Secure Kaplan-Meier Survival Analysis Explained

The MPyC demo kmsurival.py implements privacy-preserving Kaplan-Meier survival analysis, based on earlier work by Meilof Veeningen. The demo is built using the Python package lifelines, which provides extensive support for survival analysis and includes several datasets. We use lifelines for plotting Kaplan-Meier survival curves, performing logrank tests to compare survival curves, and printing survival tables.

In [1]:
# use pip (or, conda) to make sure lifelines package is installed:
!pip -q install lifelines  
In [2]:
import os, functools
import pandas as pd
import matplotlib.pyplot as plt
import lifelines.statistics
from mpyc.runtime import mpc
mpc.logging(False)
from kmsurvival import fit_plot, events_to_table, events_from_table, logrank_test, aggregate, agg_logrank_test

Actual use of the lifelines package is hidden mostly inside the kmsurival.py demo, except for the function lifelines.statistics.logrank_test() used below to validate the results of the secure computations.

Kaplan-Meier Analysis

We analyze the aml ("acute myelogenous leukemia") dataset, which is also used as a small example on Wikipedia. The file aml.csv (copied from the R package KMsurv) contains the raw data for 23 patients. Status 1 stands for the event "recurrence of aml cancer" and status 0 means no event ("censored").

In [3]:
df = pd.read_csv(os.path.join('data', 'surv', 'aml.csv')).rename(columns={'Unnamed: 0': 'observation', 'cens': 'status'})
df.sort_values(['time', 'observation']).style.hide_index()
Out[3]:
observation time status group
12 5 1 2
13 5 1 2
14 8 1 2
15 8 1 2
1 9 1 1
16 12 1 2
2 13 1 1
3 13 0 1
17 16 0 2
4 18 1 1
5 23 1 1
18 23 1 2
19 27 1 2
6 28 0 1
20 30 1 2
7 31 1 1
21 33 1 2
8 34 1 1
22 43 1 2
9 45 0 1
23 45 1 2
10 48 1 1
11 161 0 1

Time is in weeks. The study compares the time until recurrence among two groups of patients. Patients in group 1 received maintenance chemotherapy, while patients in group 2 did not get any maintenance treatment. To plot the Kaplan–Meier survival curve for groups 1 and 2, we use the function fit_plot() as follows.

In [4]:
T1, T2 = df['time']  [df['group'] == 1], df['time']  [df['group'] == 2]
E1, E2 = df['status'][df['group'] == 1], df['status'][df['group'] == 2]
kmf1, kmf2 = fit_plot(T1, T2, E1, E2, 'Kaplan-Meier survival curves', 'weeks', '1=Maintained', '2=Not maintained')
plt.show()

The vertical ticks on the graphs indicate censored events. At the bottom, the number of patients "at risk" is shown. The study concerned 11 patients in group 1 with one patient censored after 161 weeks and 12 patients in group 2. A Kaplan-Meier curve estimates the survival probability as a function of time (duration).

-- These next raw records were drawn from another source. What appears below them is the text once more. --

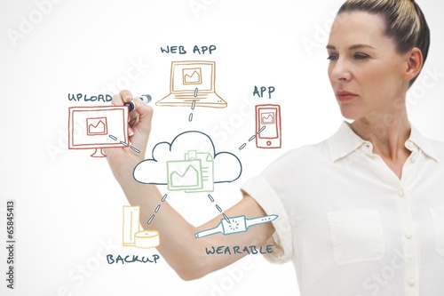 Composite image of businesswoman writing
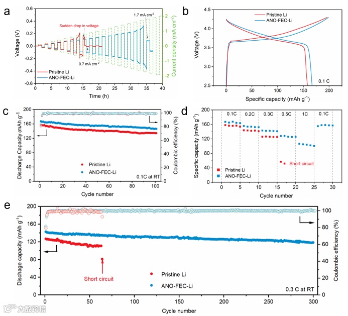 图5 (a)锂对称电池的CCD测试结果;(b-e)全电池的电化学性能
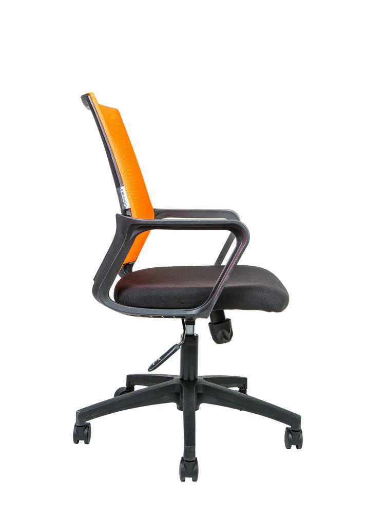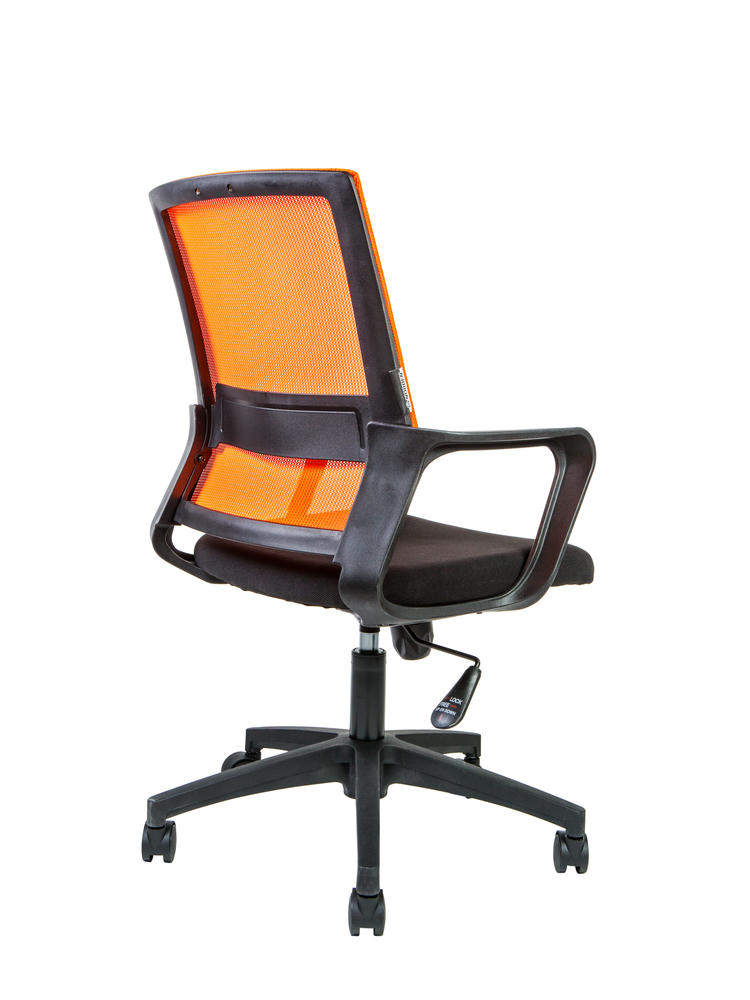 Современное недорогое эргономичное кресло для персонала. Характеризуется: - не монолитный пластиковый каркас – спинка крепится к сидушке надежным крепежем (8 болтов) - сиденье из ткани (черного цвета) повышенной износостойкости, в основании поролон плотностью 40 кг/м.куб, - широкое сиденье - спинка из акриловой сетки повышенной износостойкости - встроенный поясничный упор - механизм качания с возможностью фиксации кресла в рабочем положении, с регулировкой усилия на качание. - роликовые колеса с прорезиненными вставками (для сохранения напольных покрытий). Максимальная нагрузка 90 кг

In this example, the two curves do not appear to differ very much. To analyze this more precisely one performs a logrank test:

In [5]:
lifelines.statistics.logrank_test(T1, T2, E1, E2).p_value
Out[5]:
0.06533932204050484

The null hypothesis is that survival is the same for both groups. Since $p=0.065$ is not particularly small (e.g., not below $\alpha=0.05$), the null hypothesis is not strongly rejected. In other words, the logrank test also says that the curves do not differ significantly---with the usual caveat of small sample sizes.

Privacy-Preserving Survival Analysis

In a multiparty setting, each party holds a private dataset and the goal is to perform a survival analysis on the union of all the datasets. To obtain the secure union of the datasets in an efficient way, each private dataset will be represented using two survival tables, one survival table per group of patients.

The survival tables for the aml dataset are available from the Kaplan-Meier fitters kmf1 and kmf2 output by the call to fit_plot() above:

In [6]:
display(kmf1.event_table, kmf2.event_table)
removed observed censored entrance at_risk
event_at
0.0 0 0 0 11 11
9.0 1 1 0 0 11
13.0 2 1 1 0 10
18.0 1 1 0 0 8
23.0 1 1 0 0 7
28.0 1 0 1 0 6
31.0 1 1 0 0 5
34.0 1 1 0 0 4
45.0 1 0 1 0 3
48.0 1 1 0 0 2
161.0 1 0 1 0 1
removed observed censored entrance at_risk
event_at
0.0 0 0 0 12 12
5.0 2 2 0 0 12
8.0 2 2 0 0 10
12.0 1 1 0 0 8
16.0 1 0 1 0 7
23.0 1 1 0 0 6
27.0 1 1 0 0 5
30.0 1 1 0 0 4
33.0 1 1 0 0 3
43.0 1 1 0 0 2
45.0 1 1 0 0 1

Using mpc.input(), each party will secret-share its pair of survival tables with all the other parties. To allow for a simple union of the survival tables, however, we modify the representation of the survival tables as follows.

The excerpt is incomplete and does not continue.